Я прикинулся спящим. Слезы еще не высохли на щеках.
– Оеей, – толкнули меня еще раз. – Тебе тут тянутся люди.
Я не реагировал. Затем услышал, как парень, пытавшийся меня разбудить, отвечал кому-то по телефону.
– Ну он в закате…Да не, глухо, старина… Я ему потом передам, он завтра тебе перетянется, добро?… Ну, все, обнял, давай…
Похоже, мне кто-то звонил. Но кто и зачем? Может узнали, что заехал по статье такой, да решили сразу набрать и нагрузить меня? Одноглазый ведь говорил об этом. Что морщить будут, денег требовать. Тогда может и к лучшему, что я не ответил. До завтра еще время есть. Вдруг, все образумится. Хотя верилось в это слабо. Я попытался думать об этом как можно меньше. Закрыл глаза. Думал, что засыпать будет тяжело. Однако на деле оказалось, что провалиться в забвение проще, чем бездарно думать о судьбе своей грешной…
* * *
Тюрьма выглядит паршиво. По определению. В реальности все точно так же: со стен слезает известка, потолки высоченные (метра четыре с половиной, наверное), окно в решетку, полы бетонные, туалет в трех шагах от кухонного стола, сквозняк и тонкие одеяла. Было много чего еще, но, открыв глаза рано утром, я собрал в голове только эту россыпь характеристик для изолятора следственного. А еще мест не хватало. И зэки подливают масло в огонь – жить не дают друг другу спокойно. Я вздохнул, посмотрел наверх – ту лампочку, что горела тускло круглые сутки, упаковали в коробку и теперь из нее получился отличный ночник. Коробка была знакомой. Из такой Володя кисель доставал в боксике Калининского суда. Я вздохнул повторно, повернулся к стене и продолжил спать.

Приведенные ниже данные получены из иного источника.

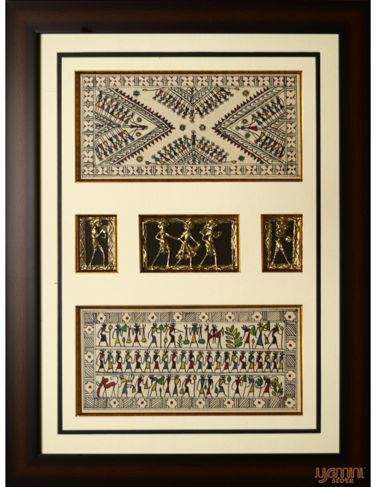 This Tribal Painting amalgamation of Tribal art & Dhokra craft. Figurines are made up of brass inside the glass frames. The process of preparing figurines is similar to Dhokra metal casting.
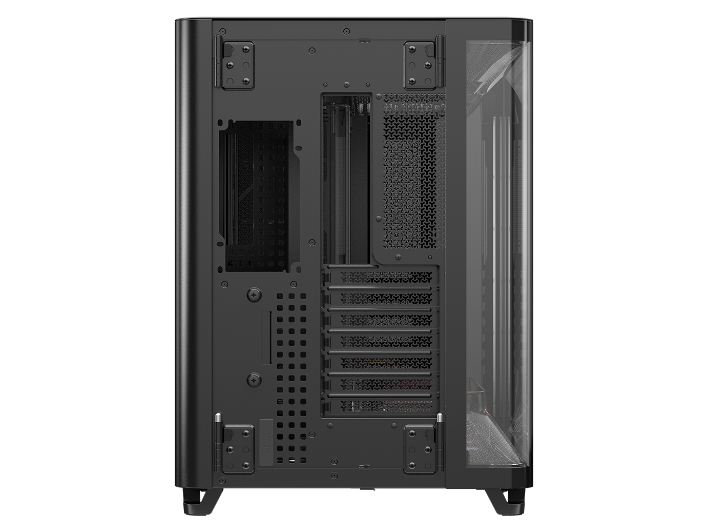 Two glass panels connect in the corner of the chassis and open outwards with hinges that disappear for a seamless look and easy access to your hardware.
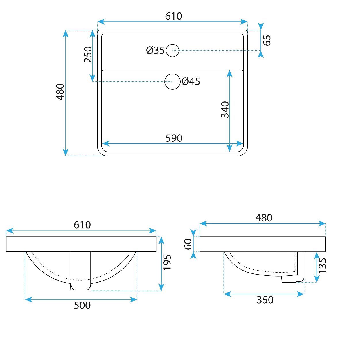 Beépíthető mosdókagyló, amelyet a kényelem és a funkcionalitás szem előtt tartásával terveztek. A speciális gyártási folyamatnak köszönhetően a mosdókagyló könnyen tisztítható és kényelmes a mindennapi használatra. A modern és egyedi design, valamint a felhasznált anyagok magas minősége biztosítja a tartósságot és megbízhatóságot hosszú éveken át. A mosdókagyló rendelkezik csaptelep szerelésére szolgáló nyílással és túlfolyó nyílással.
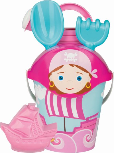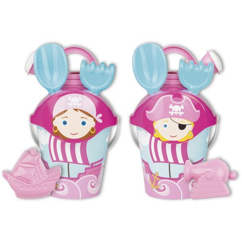 6dílná sada na písek, vyrobená z kvalitních plastů v Itálii. Obsahuje: Kyblík, konvičku 0,5 l, sítko, lopatku, hrabičky a tematické tvořítko. Kyblík: průměr 17 cm, výška 16 cm. Sada: výška 36 cm, váha 0,41 kg. Doporučený věk od 12 měsíců.
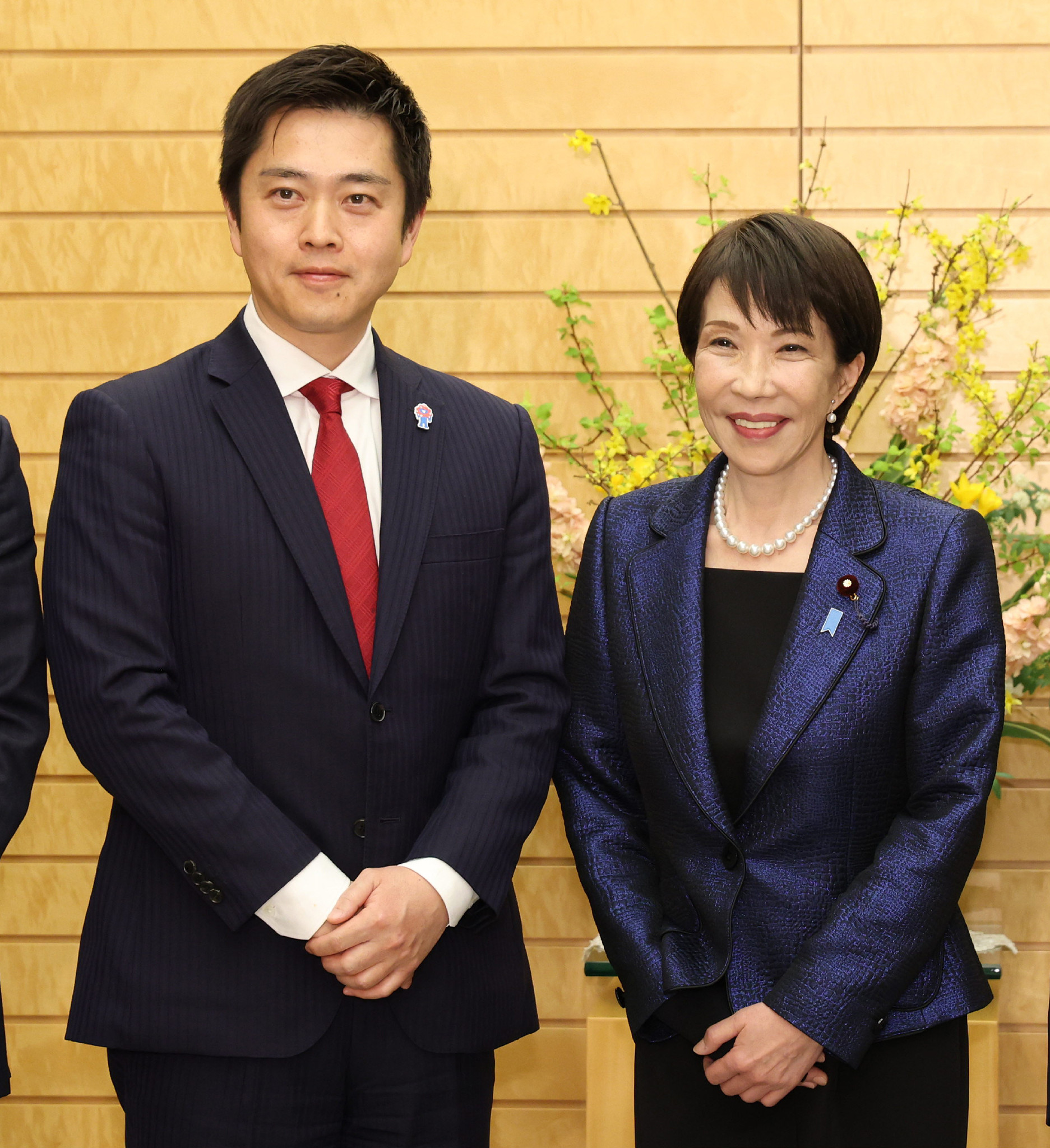 与党党首会談に臨む日本維新の会の吉村洋文代表(左)と高市早苗首相=18日午後、東京・永田町
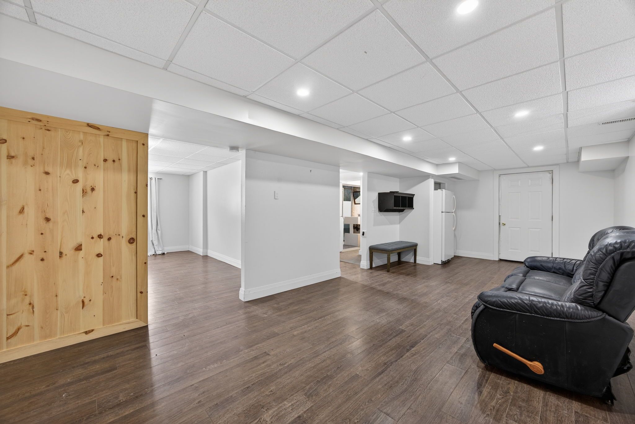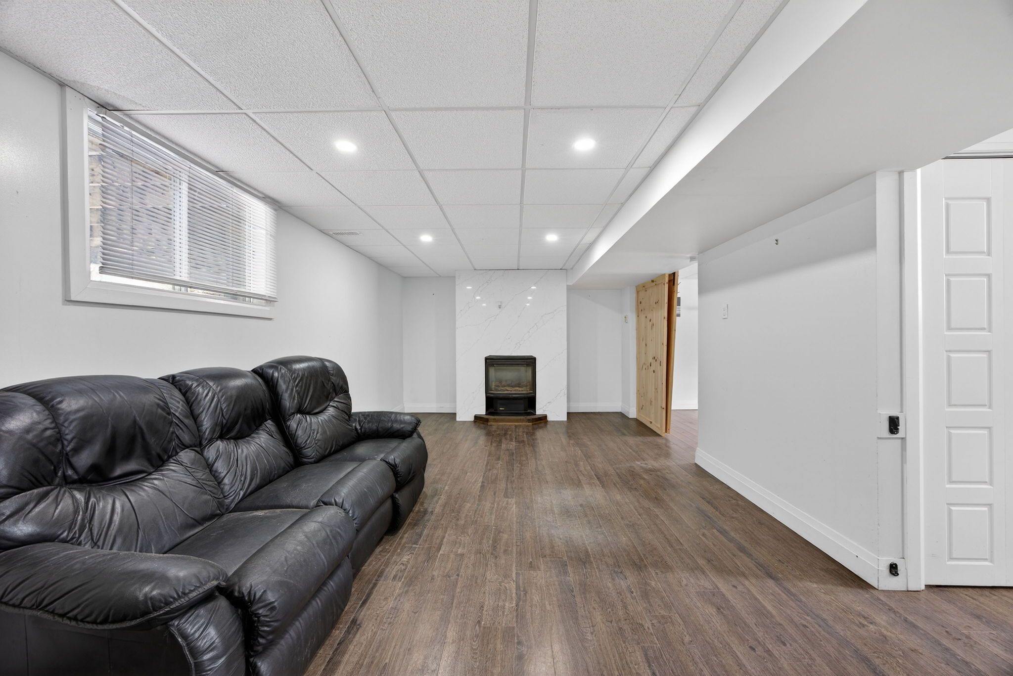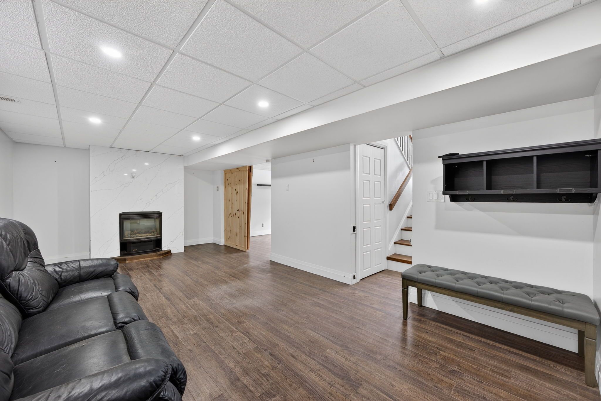 • Finished basement with a rec room, gas fireplace, and extra office space.

Второй раз я открыл глаза только по проверке. Здесь она почти ничем не отличалась от той, что я видел на карантине. Выходишь из камеры, строишься вдоль стены, внутрь заходят легавые, что-то смотрят, постукивают, затем выходят и приглашают зайти обратно. Единственным отличием было то, что на карантине тебя просили футболку снять для проверки на наличие ссадин и синяков. А так все. Заходим в хату, время девять утра, свет падает с улицы сквозь решетку, лампочка над головой продолжает тускло гореть.
В дневное время большинство спало. Но мне спать было негде. Как и еще троим пацанам. Один из них предложил сыграть в нарды.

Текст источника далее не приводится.